__Work item__
Give the data again in full, without pictures.

*** Begin section ***

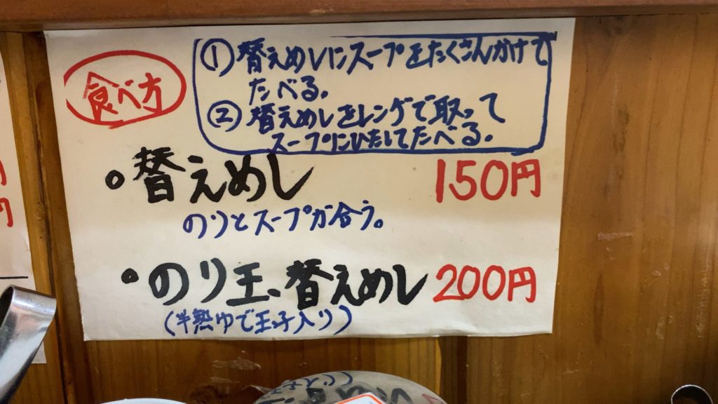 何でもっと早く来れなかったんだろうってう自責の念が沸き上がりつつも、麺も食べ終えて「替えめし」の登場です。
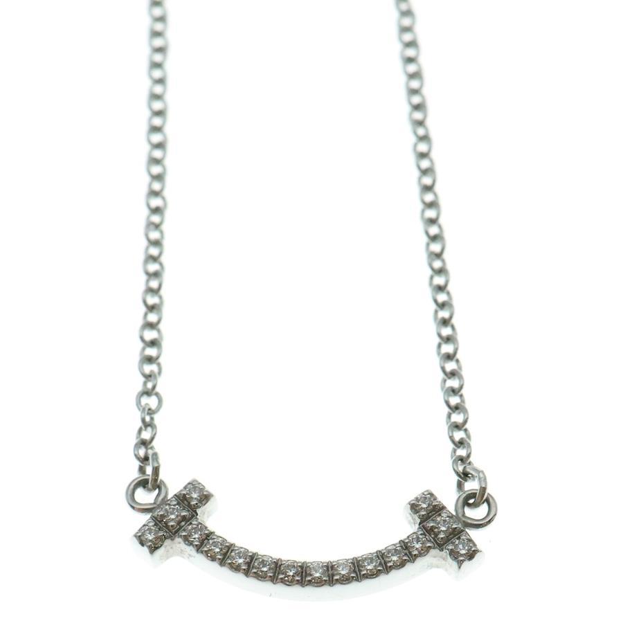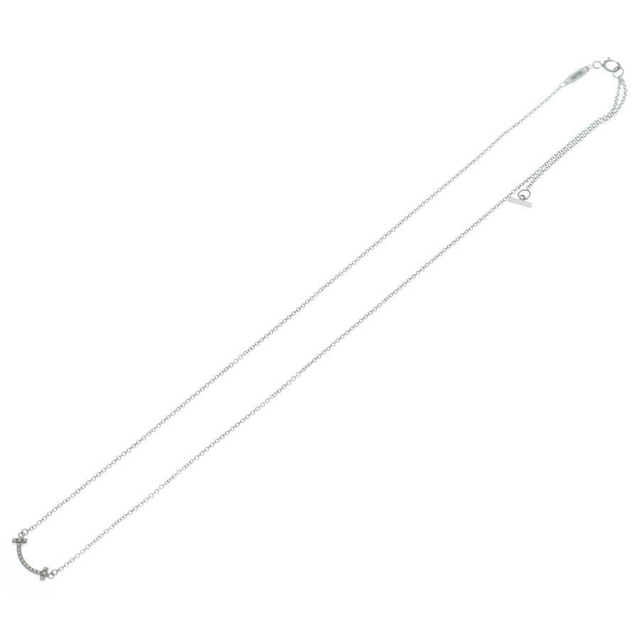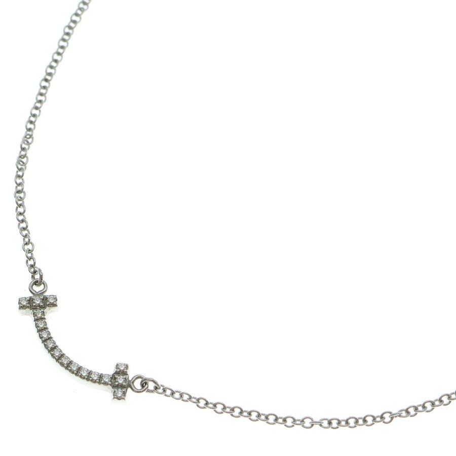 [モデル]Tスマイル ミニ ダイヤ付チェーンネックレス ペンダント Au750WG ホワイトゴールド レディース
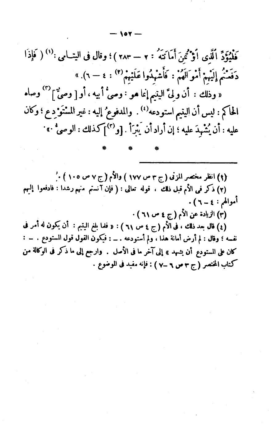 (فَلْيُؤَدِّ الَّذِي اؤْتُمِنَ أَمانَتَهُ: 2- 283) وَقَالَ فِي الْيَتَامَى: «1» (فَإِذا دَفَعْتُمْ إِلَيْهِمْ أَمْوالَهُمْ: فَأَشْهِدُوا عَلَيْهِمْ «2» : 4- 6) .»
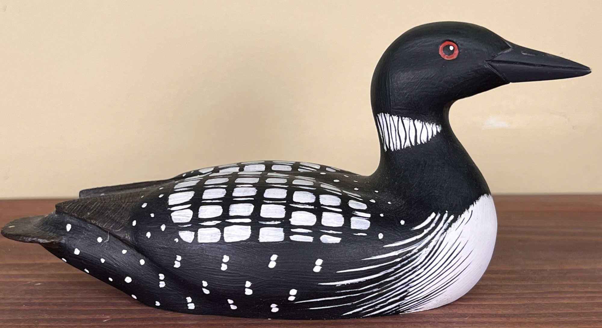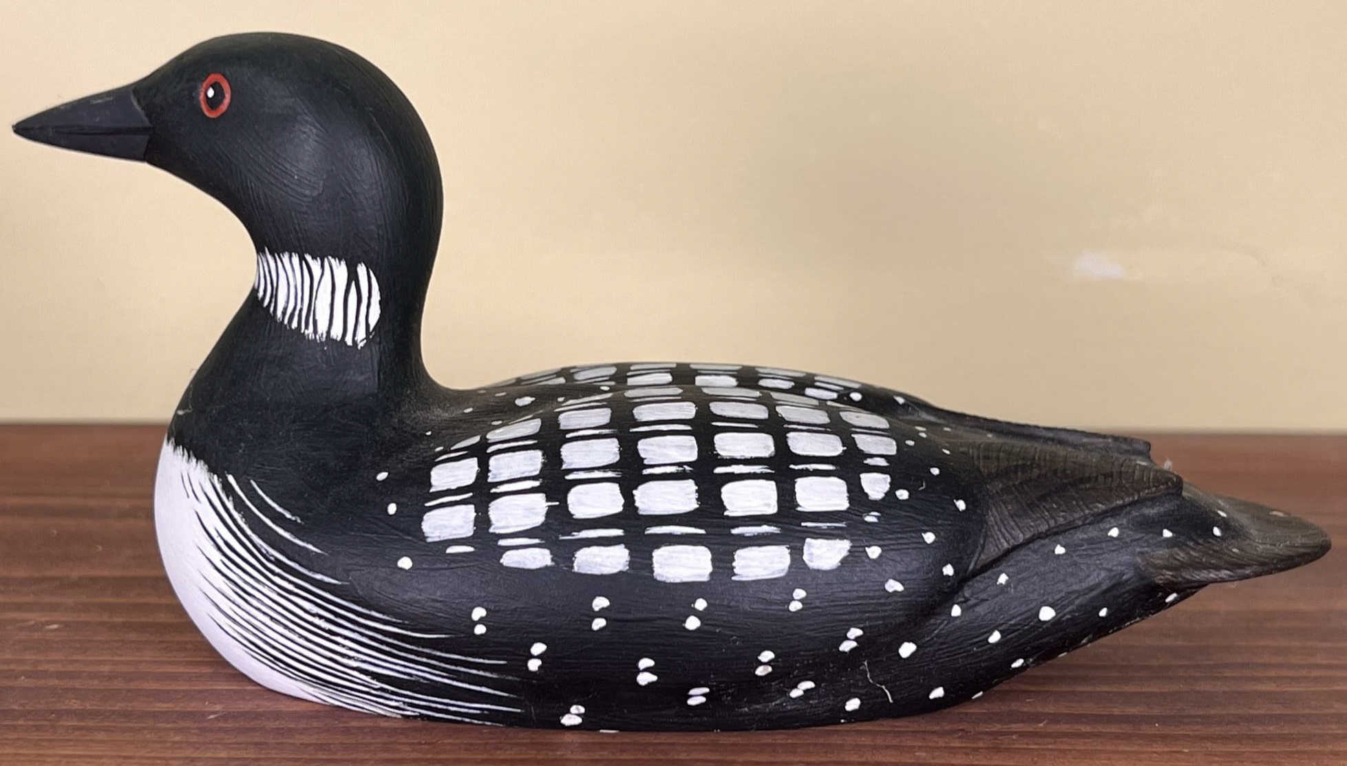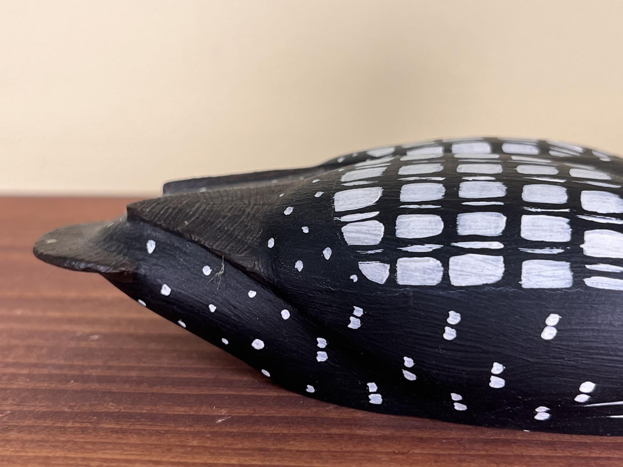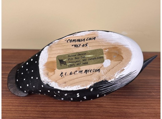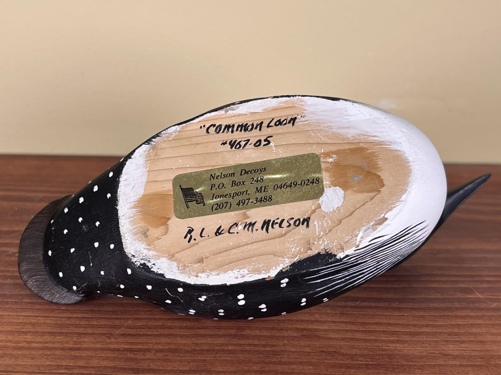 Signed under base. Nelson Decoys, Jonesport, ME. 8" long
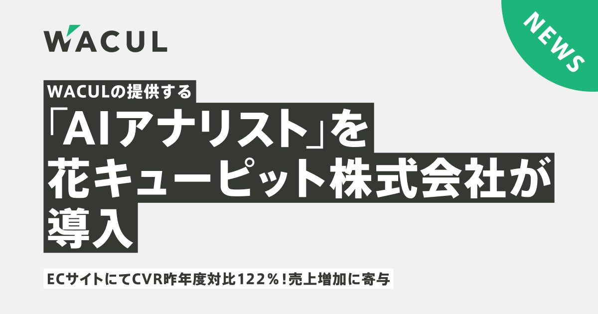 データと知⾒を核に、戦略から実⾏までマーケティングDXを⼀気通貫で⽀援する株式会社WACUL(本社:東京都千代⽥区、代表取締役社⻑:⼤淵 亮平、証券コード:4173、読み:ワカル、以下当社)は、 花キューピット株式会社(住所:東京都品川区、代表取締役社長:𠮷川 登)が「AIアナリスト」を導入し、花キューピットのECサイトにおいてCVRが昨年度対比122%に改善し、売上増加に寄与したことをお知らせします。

*** End section ***

__Answer for this exercise__
 何でもっと早く来れなかったんだろうってう自責の念が沸き上がりつつも、麺も食べ終えて「替えめし」の登場です。
 [モデル]Tスマイル ミニ ダイヤ付チェーンネックレス ペンダント Au750WG ホワイトゴールド レディース
 (فَلْيُؤَدِّ الَّذِي اؤْتُمِنَ أَمانَتَهُ: 2- 283) وَقَالَ فِي الْيَتَامَى: «1» (فَإِذا دَفَعْتُمْ إِلَيْهِمْ أَمْوالَهُمْ: فَأَشْهِدُوا عَلَيْهِمْ «2» : 4- 6) .»
 Signed under base. Nelson Decoys, Jonesport, ME. 8" long
 データと知⾒を核に、戦略から実⾏までマーケティングDXを⼀気通貫で⽀援する株式会社WACUL(本社:東京都千代⽥区、代表取締役社⻑:⼤淵 亮平、証券コード:4173、読み:ワカル、以下当社)は、 花キューピット株式会社(住所:東京都品川区、代表取締役社長:𠮷川 登)が「AIアナリスト」を導入し、花キューピットのECサイトにおいてCVRが昨年度対比122%に改善し、売上増加に寄与したことをお知らせします。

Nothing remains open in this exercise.